Unfortunately, game development is a difficult field to succeed in. I hope to have a family some day and the financial burden of that could be an issue. Thankfully though, I am studying computer engineering. This means I will have to self-study large aspects of game design, but also gives me a solid degree in an area I can still picture myself enjoying if game design falls flat.
In the end though, I'm trusting God. He knows what's best for me and has his own, far greater plan. His plan is better than my own. I don't know what the future holds, but I know He who holds it.

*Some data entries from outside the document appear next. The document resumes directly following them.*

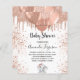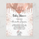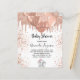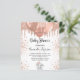 Para una ducha de bebé, para celebrar a una niña. Un fondo blanco moda. Decorada con oro rosa, goteo de purpurinas falsos rosas, pinturas que gotean, globos y un lindo chica de elefantes para bebés. Personalice y agregue el nombre del nombre de la futura madre y los detalles del fiesta. El nombre y el texto: Baby Shower se escriben con un guión de estilo con letras a mano
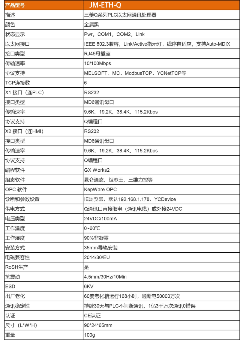 1、安裝在 35mm 的導軌上,COM1 口直接連接至Q 的 MD6 編程通訊口,并擴展一個 COM2 口用于觸摸屏通訊。JM-ETH-Q 可直接從 Q 編程通訊口獲取電源,也可外接 24VDC 電源。
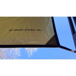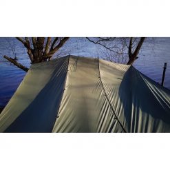 This Thermo Tarp is is also coated with a thermal insulation layer for added thermal comfort. The silver coating perfectly reflects the body heat, which helps keep you comfortable during cold nights. On hot days it reflects sunlight, significantly lowering the temperature under the tarp.
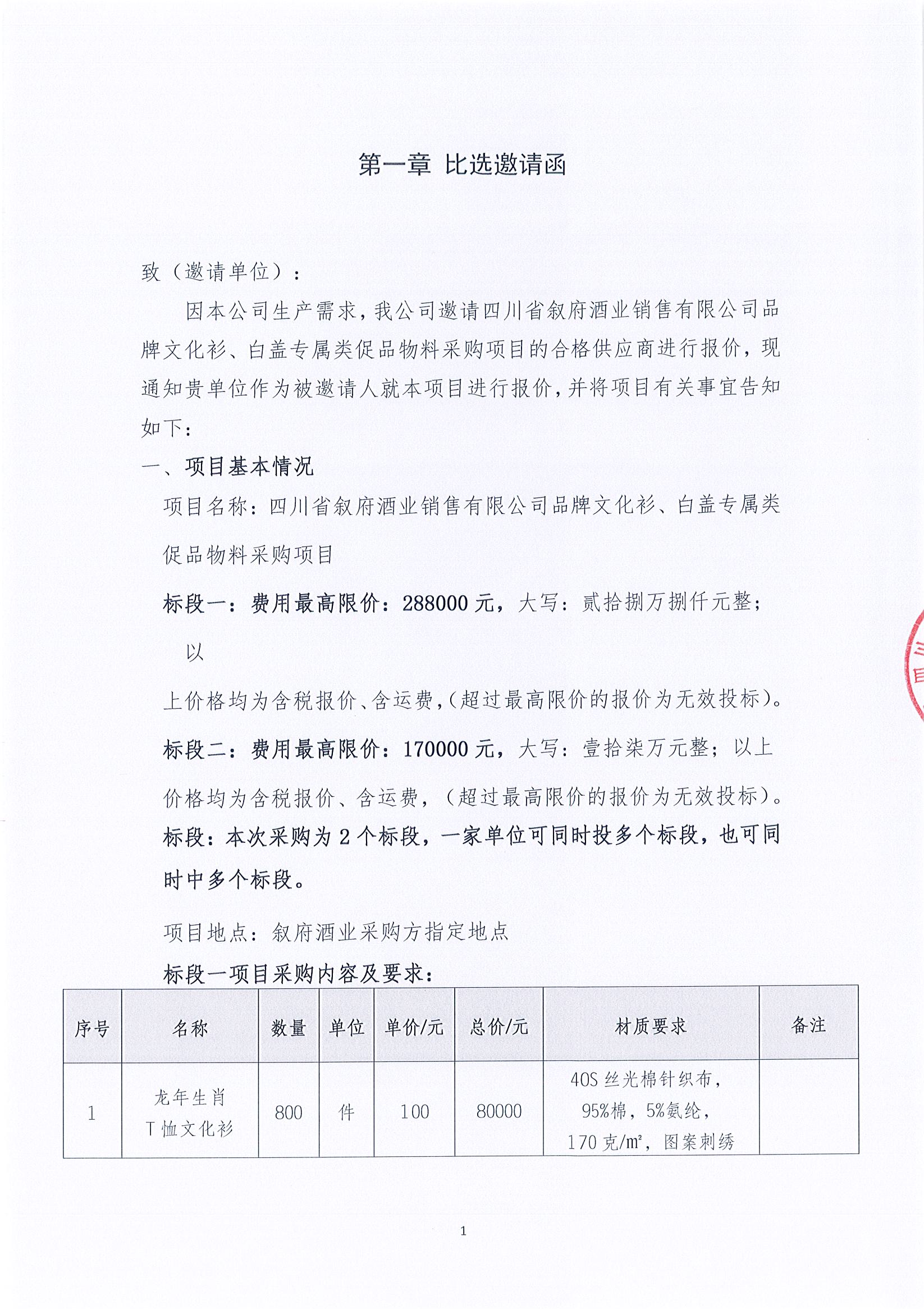 四川省敘府酒業(yè)銷售有限公司品牌文化衫、白蓋專屬類促品物料采購(gòu)項(xiàng)目比選公告
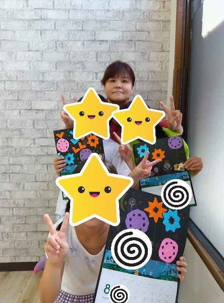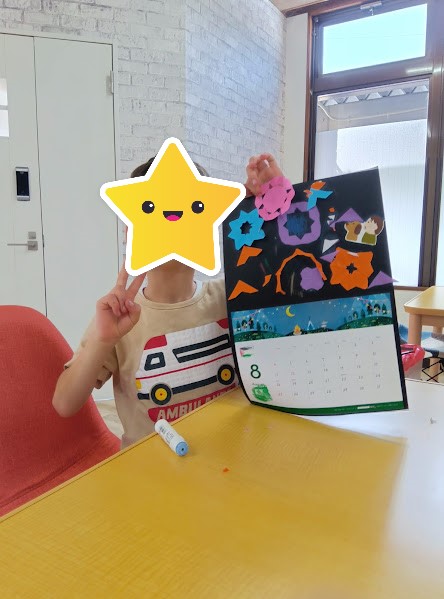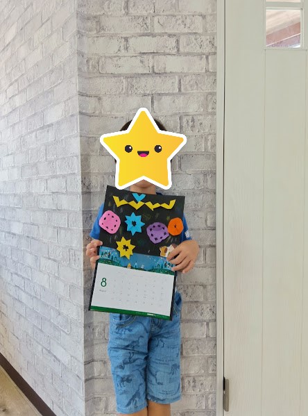 出来上がりです。とてもキレイでかわいいらしい8月のカレンダーができました🎇
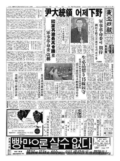 - "最高會議支持(최고회의지지) 民主主義早速回復確信(민주주의조속회복확신)" 滯美宋堯讃將軍聲明(체미송요찬장군성명)

We are at our very best, and we are happiest, when we are fully engaged in work we enjoy on the journey toward the goal we've established for ourselves. It gives meaning to our time off and comfort to our sleep. It makes everything else in life so wonderful, so worthwhile.  -Earl Nightingale

Tuesday, 12 November 2013

Quantity over quality

*Clears dust from blog* It has been a while...
I've been thinking recently about content overload. With the internet taking over everything, our attention spans are getting shorter and shorter. We demand to be entertained, and we cast aside anything that bores us even for second. Why? Because there is a long, long, loooong line of other distractions just waiting a few hyperlinks away. We suffer from FOMO (Fear Of Missing Out) and feel a need to consume so much content so quickly, that we gulp it down instead of savoring it. Let's use gaming as an example. I bought the Humble Indie Bundle and found myself with many games all there for me to play at once. As a result, I now have a guilty conscience full of perfectly fun, yet unfinished games that I abandoned in my rush to play the rest. I used to replay games, hunt for secrets and try to experience everything they had to offer because I only got maybe 2 games a year. I'm babbling a bit, but you get my point: We need to slow down, avoid overexposure to new content all the time and enjoy each offering to it's fullest.

Monday, 24 September 2012

World Wide Culture

Webculture fascinates me, it is a phenomen that has risen from the soup of connectivity. People all over the world now have the ability to share their opinion and shared opinions will always influence others. The web community is just like any other community in that there exists peer pressure. Inside jokes exist in the form of internet memes. The sheer size of the web community means that things spread, nothing exists in isolation. People are realising that they have anything they want at their fingertips. There are pros, there are cons, but either way The Web is moulding the people of today like nothing in history ever has. You can insult the upbringing and genealogy of people on the other side of the planet and that sort of power changes people. I am right now composing something to toss onto a pile of other opinions the size of a small moon for reasons I can not name. I think there is more research to be done...then posted ooh I hope people in Brazil like it yippideedoo.

Wednesday, 9 May 2012

Girl Friends

When you're with your guy friend, you walk together, sit together, laugh together ect. You are seen as being friends. However do that consistently with girl (space) friend and people assume things. They will tease. This makes things awkward. I am irritated with this state of affairs. There, vent session over, carry on.